From an innovation perspective, the question is how to address these problems with meaningful solutions. The findings from Lloyd's Register Foundation were so compelling that the organization decided to launch a "Safety Accelerator" program in partnership with the global venture capital firm and startup accelerator, Plug and Play. The first of its kind, the accelerator focuses on finding and funding startups aimed at addressing and building out the SafetyTech market.

"To solve some of the toughest challenges in safety, the industry needs new collaborations, fresh perspectives and ground-breaking approaches. We aim to open up the safetytech market for entrepreneurs and bring together innovative digital technology companies and industry partners to work together to solve critical safety challenges," says Steve Price, Lead of the Lloyd's Register Safety Accelerator.
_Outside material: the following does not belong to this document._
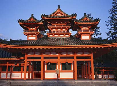 נוטים להיות אדומים. מקדש שינטו טיפוסי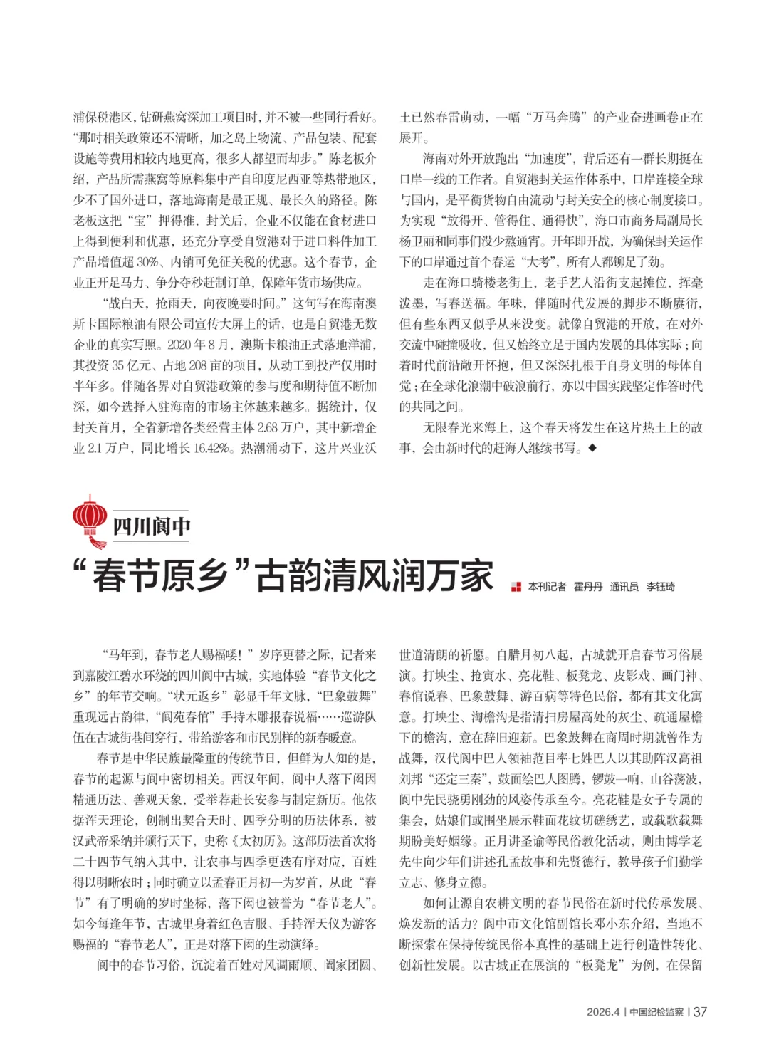 近日,《中国纪检监察杂志》2026年第4期刊发专题报道,聚焦我市依托深厚历史文化底蕴、以 “春节原乡” 古韵涵养廉洁清风的实践探索,详细介绍了这座千年古城将传统文脉与廉洁文化深度融合、让清风正气浸润万家的生动做法。

When a market space is in its infancy, it's difficult to define. Lloyd's Register Foundation's research also laid the groundwork for the next level of problem-definition to help focus future innovation. The most significant untapped opportunities include:

  • Safe operation of drones now and in the future
  • Safe operation of autonomous systems
  • Critical infrastructure that is safe from cyber attack
  • Safety of complex systems in high-hazard industries
  • Fossil-fueled transport and industry that do not create unsafe air
  • Safe supply chains for medical waste
  • Safe supply chains for electronic waste
  • Ensuring safety at sea
  • Safety in the fishing industry
  • Safety of supersized structures
  • Making food supply chains safe
  • Safety of water and water infrastructure

 

The research also identified specific trends common to each of these markets. From an innovation standpoint, startups and big companies alike can potentially leverage these trends to create product and service solutions that can scale across markets. The trends include:

  • Decommissioning (for example, disposal of e-waste, ships, medical waste, etc.)
  • Cybersecurity, connectivity and internet of things (for example, malicious and accidental failures)
  • Human factors (how people's actions significantly affect safety)
  • Updating standards in light of new technology (for example, safety regulation for increasing complex connected infrastructures)
  • Controlled return to safe state (for example, emergency evacuation of large structures and controlled failure of complex systems).

 

The Foundation's Insight Report on global safety challenges is available as a free download and outlines all of these market opportunity areas and trends in greater detail.

Sometimes the biggest opportunities are hidden in plain sight, right before our eyes. Safety-related trends, business challenges and social problems are substantial and real. Now that the "SafetyTech" industry just received its name, it's time to create it through innovation.